> [What is required] Every line of the listing below should be written out exactly, minus its pictures.
** Opening Source data block **
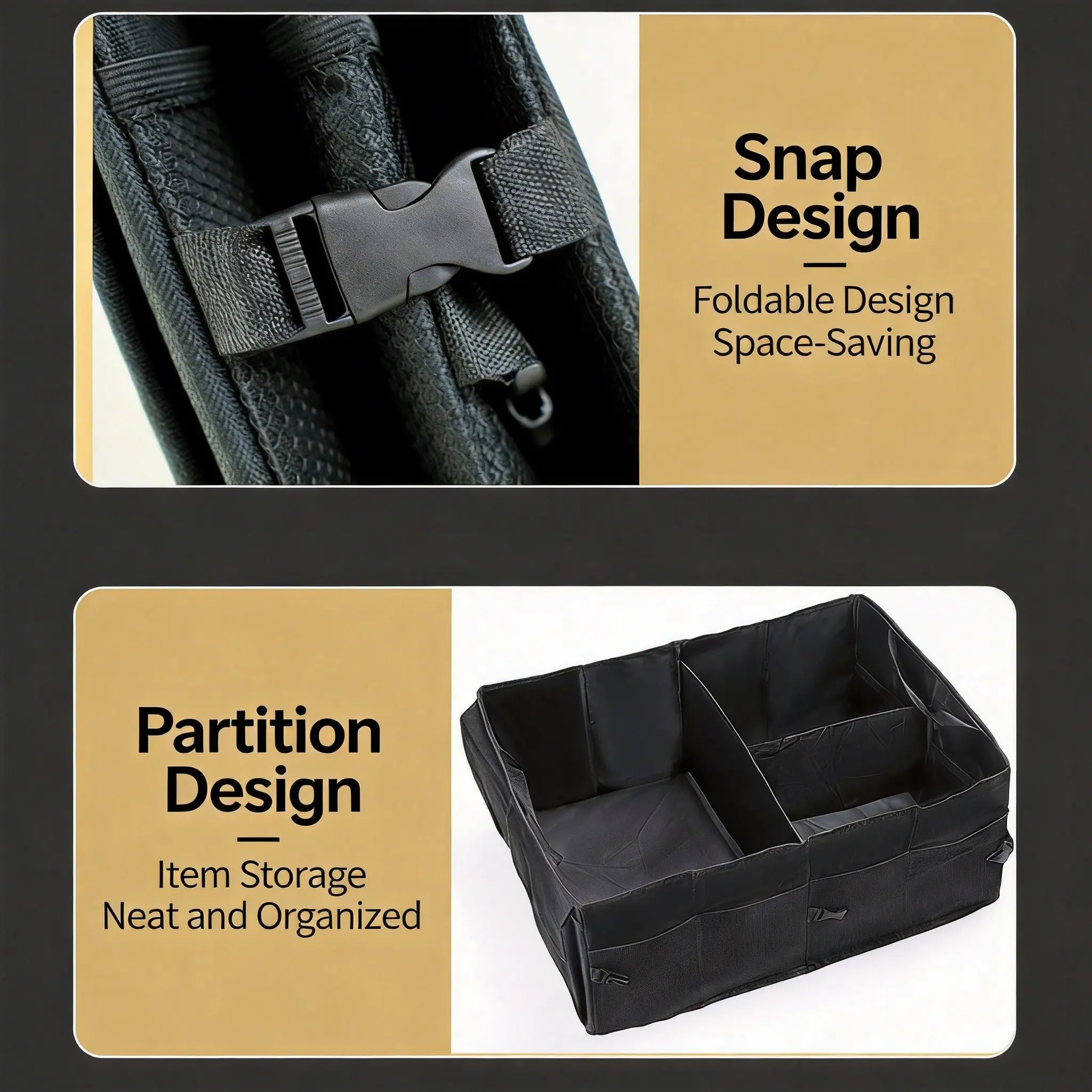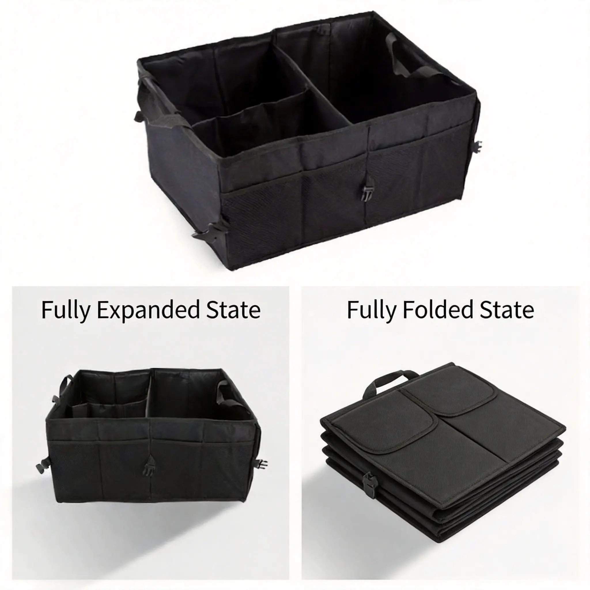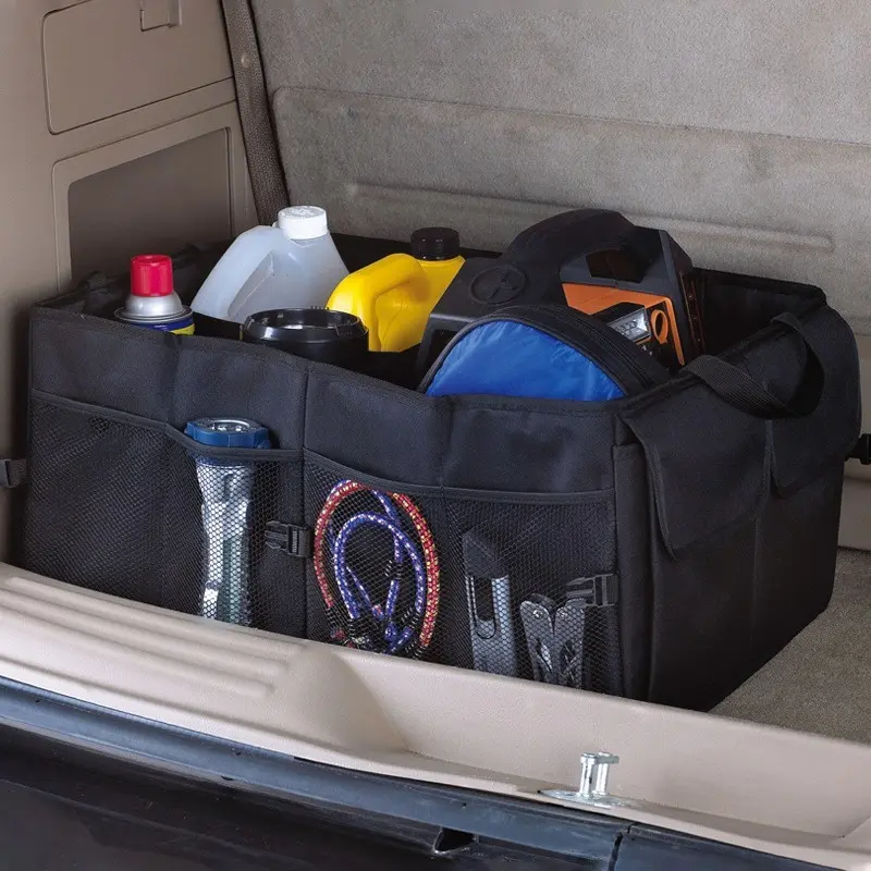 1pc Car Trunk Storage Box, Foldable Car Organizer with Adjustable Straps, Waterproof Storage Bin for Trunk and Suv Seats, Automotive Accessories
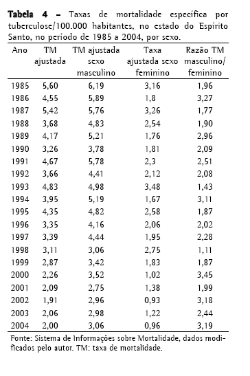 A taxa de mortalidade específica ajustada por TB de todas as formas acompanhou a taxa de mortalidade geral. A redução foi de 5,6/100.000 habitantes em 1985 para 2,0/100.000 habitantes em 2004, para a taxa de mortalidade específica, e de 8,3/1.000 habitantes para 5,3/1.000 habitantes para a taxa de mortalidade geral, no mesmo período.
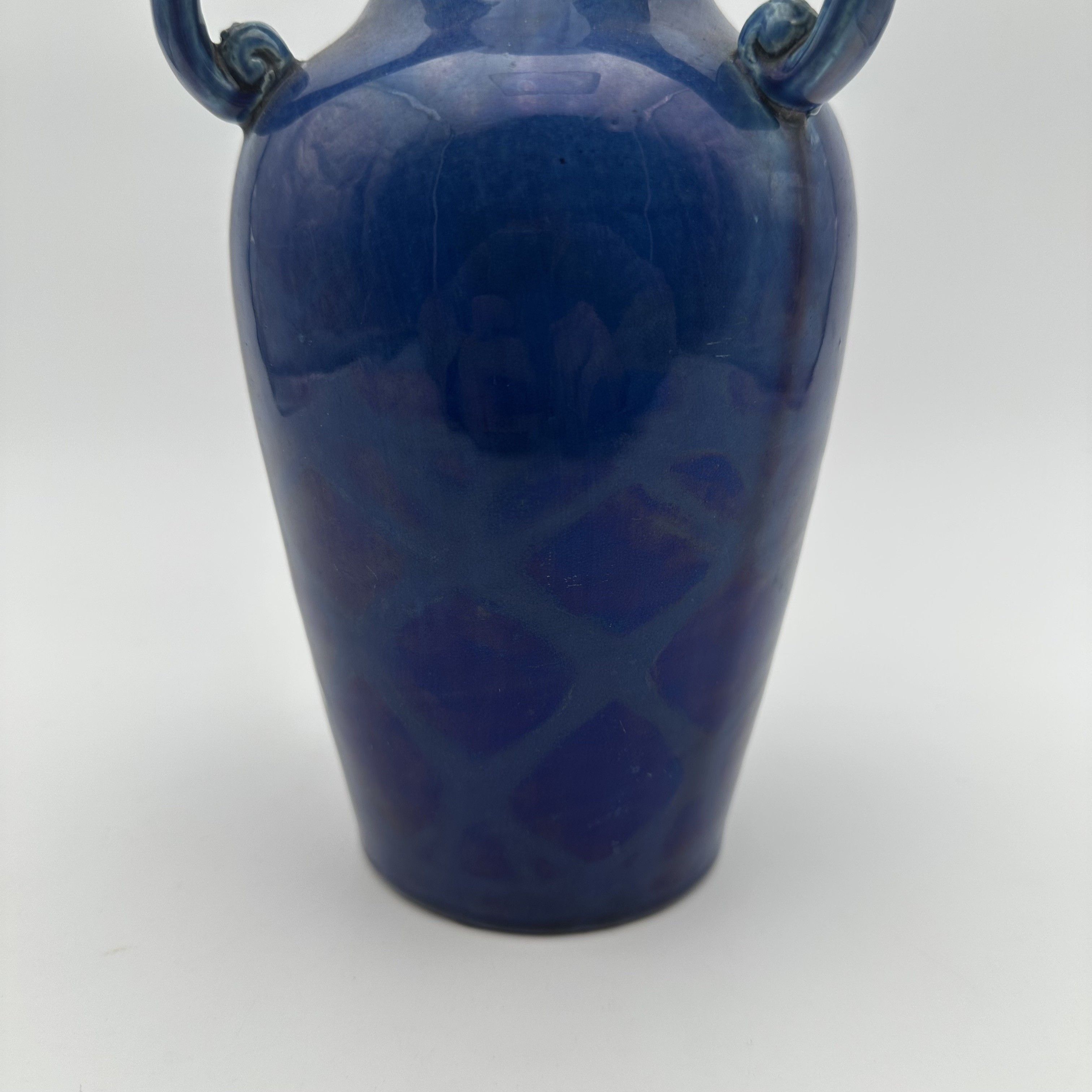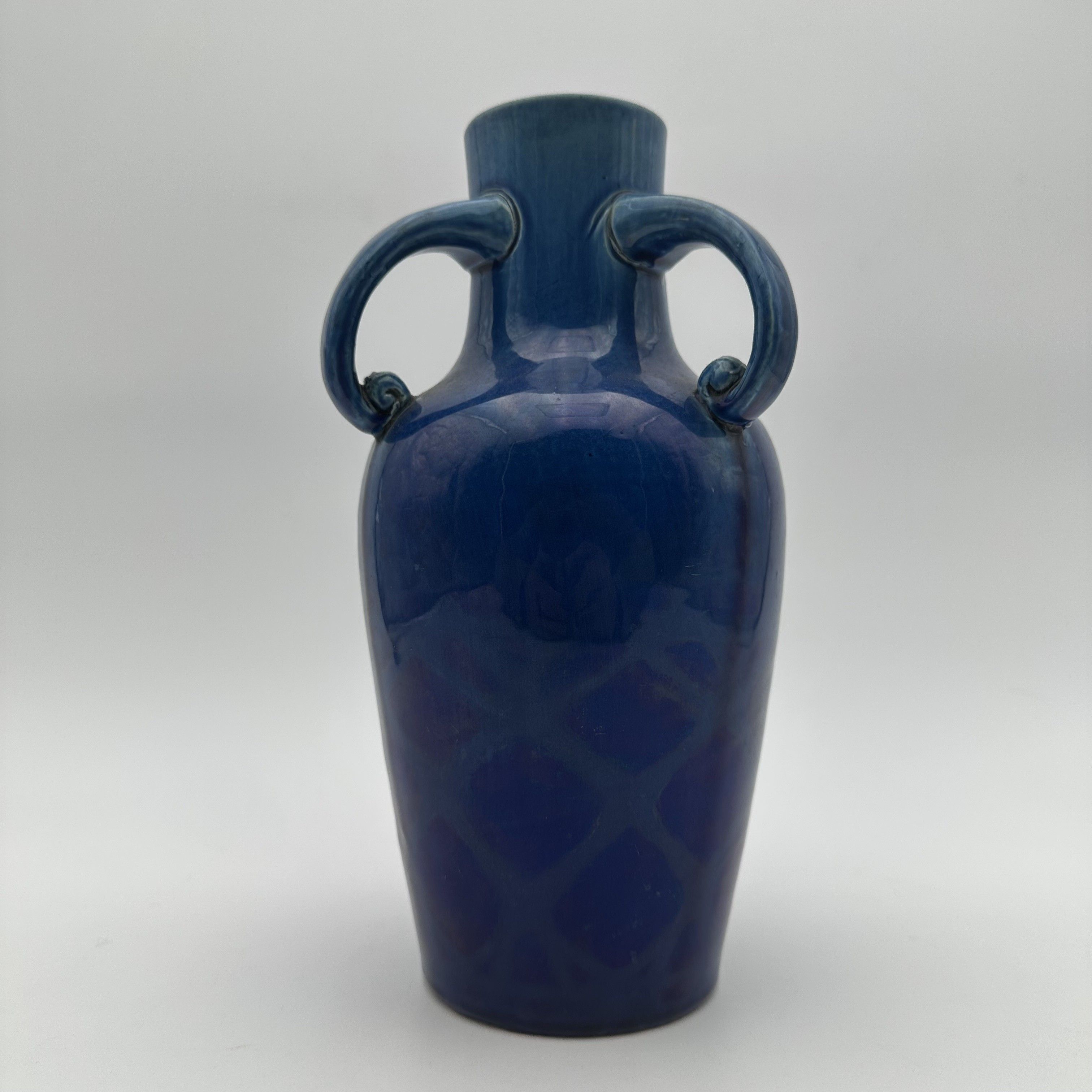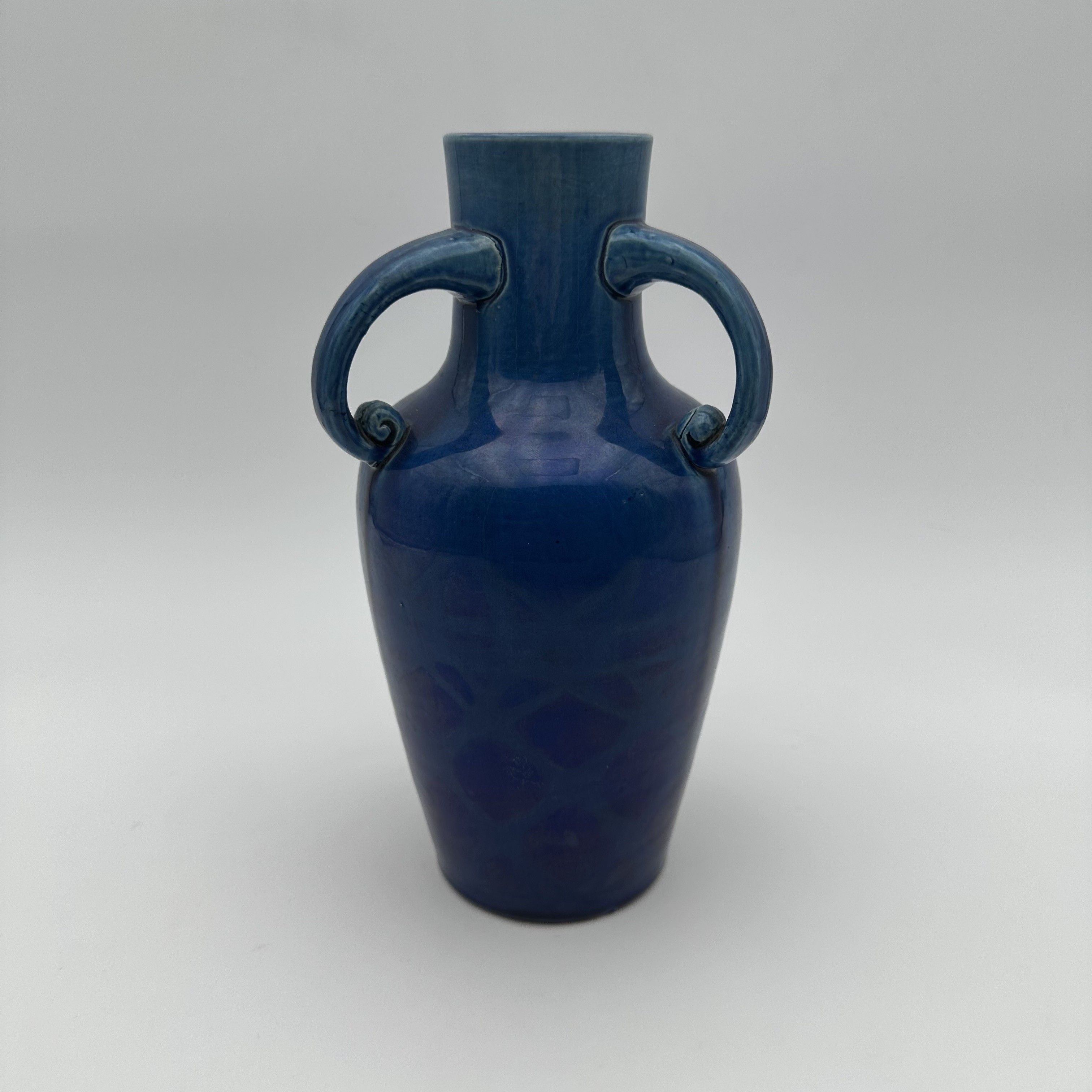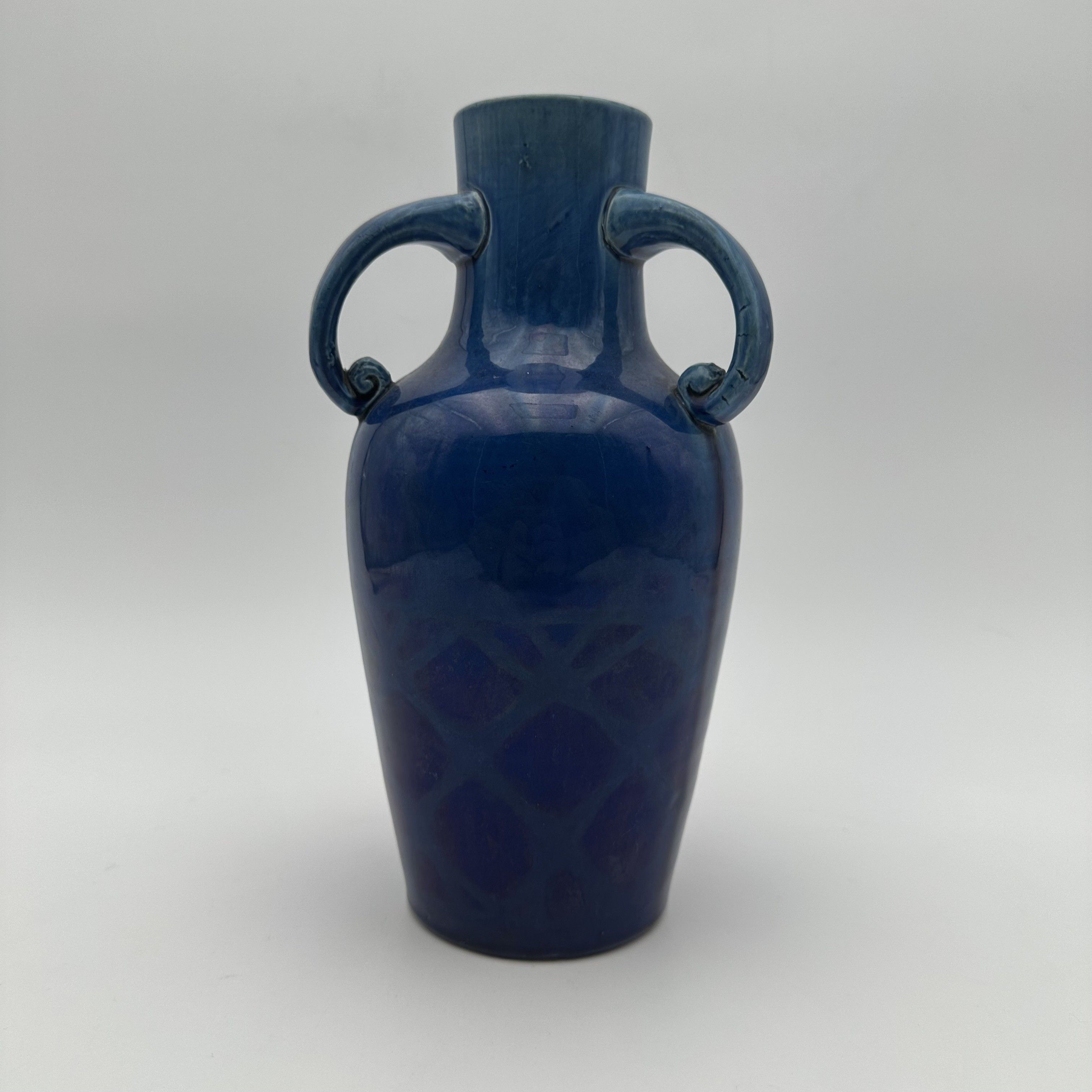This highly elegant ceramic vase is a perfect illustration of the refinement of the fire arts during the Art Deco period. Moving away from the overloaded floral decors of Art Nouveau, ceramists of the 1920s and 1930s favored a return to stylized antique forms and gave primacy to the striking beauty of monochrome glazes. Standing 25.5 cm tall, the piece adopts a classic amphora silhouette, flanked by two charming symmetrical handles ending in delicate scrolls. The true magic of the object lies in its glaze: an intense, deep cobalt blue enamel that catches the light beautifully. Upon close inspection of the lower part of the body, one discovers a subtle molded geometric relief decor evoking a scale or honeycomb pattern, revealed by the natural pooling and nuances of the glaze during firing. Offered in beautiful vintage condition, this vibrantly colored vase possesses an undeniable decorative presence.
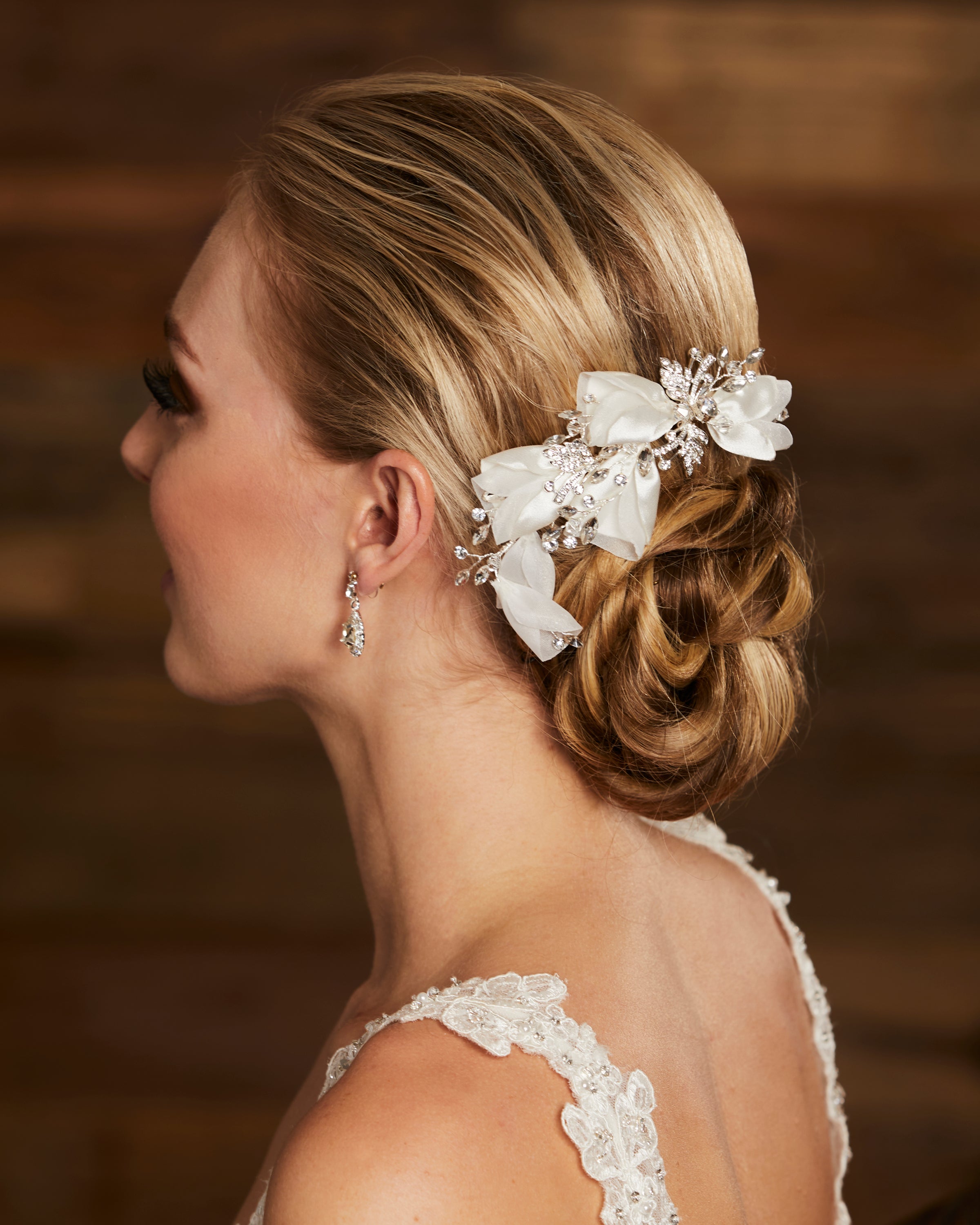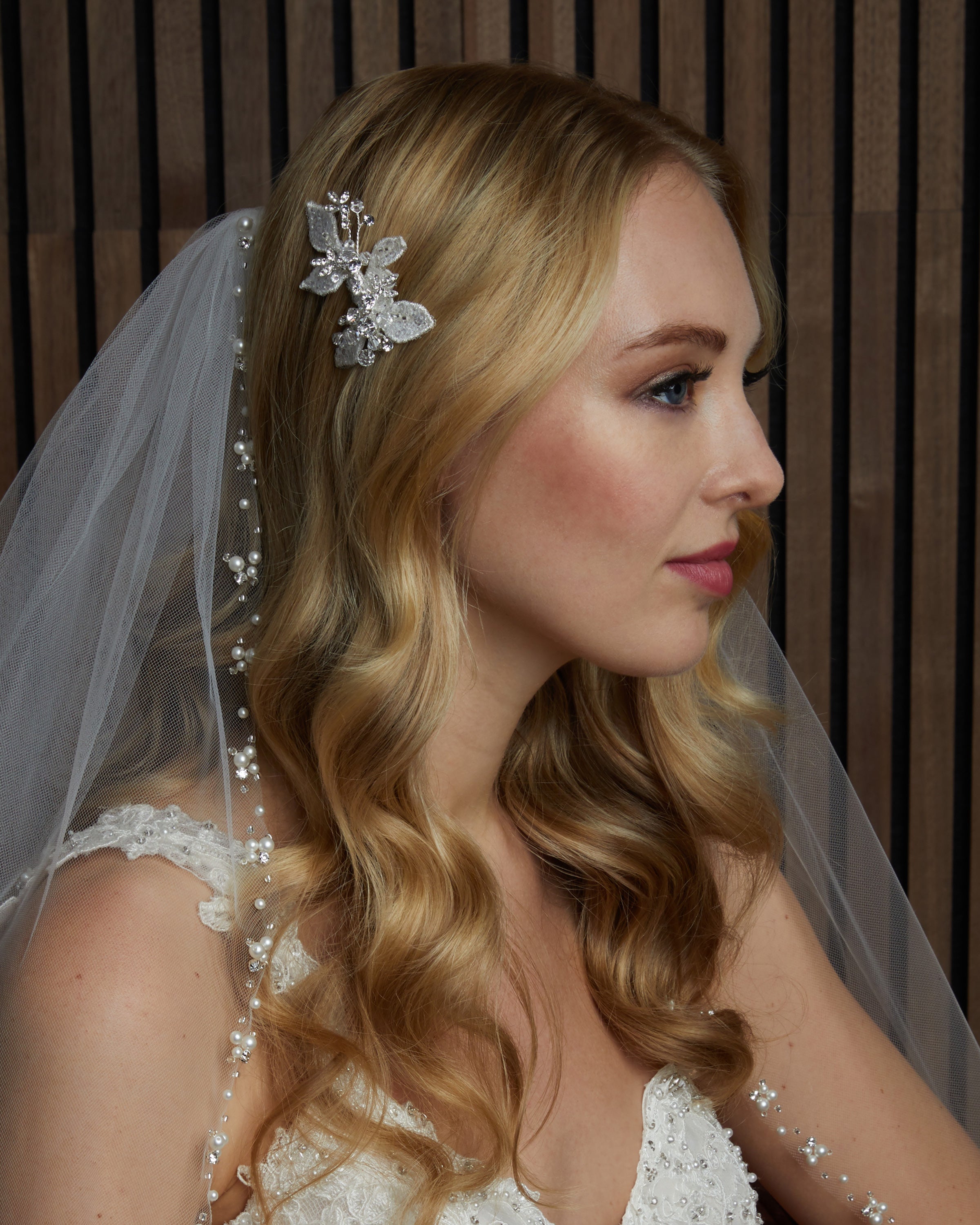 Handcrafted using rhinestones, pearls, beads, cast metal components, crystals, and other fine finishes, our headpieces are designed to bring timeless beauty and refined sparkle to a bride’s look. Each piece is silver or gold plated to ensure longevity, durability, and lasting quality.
** Closing Source data block **
> [Your solution]
 1pc Car Trunk Storage Box, Foldable Car Organizer with Adjustable Straps, Waterproof Storage Bin for Trunk and Suv Seats, Automotive Accessories
 A taxa de mortalidade específica ajustada por TB de todas as formas acompanhou a taxa de mortalidade geral. A redução foi de 5,6/100.000 habitantes em 1985 para 2,0/100.000 habitantes em 2004, para a taxa de mortalidade específica, e de 8,3/1.000 habitantes para 5,3/1.000 habitantes para a taxa de mortalidade geral, no mesmo período.
This highly elegant ceramic vase is a perfect illustration of the refinement of the fire arts during the Art Deco period. Moving away from the overloaded floral decors of Art Nouveau, ceramists of the 1920s and 1930s favored a return to stylized antique forms and gave primacy to the striking beauty of monochrome glazes. Standing 25.5 cm tall, the piece adopts a classic amphora silhouette, flanked by two charming symmetrical handles ending in delicate scrolls. The true magic of the object lies in its glaze: an intense, deep cobalt blue enamel that catches the light beautifully. Upon close inspection of the lower part of the body, one discovers a subtle molded geometric relief decor evoking a scale or honeycomb pattern, revealed by the natural pooling and nuances of the glaze during firing. Offered in beautiful vintage condition, this vibrantly colored vase possesses an undeniable decorative presence.
 Handcrafted using rhinestones, pearls, beads, cast metal components, crystals, and other fine finishes, our headpieces are designed to bring timeless beauty and refined sparkle to a bride’s look. Each piece is silver or gold plated to ensure longevity, durability, and lasting quality.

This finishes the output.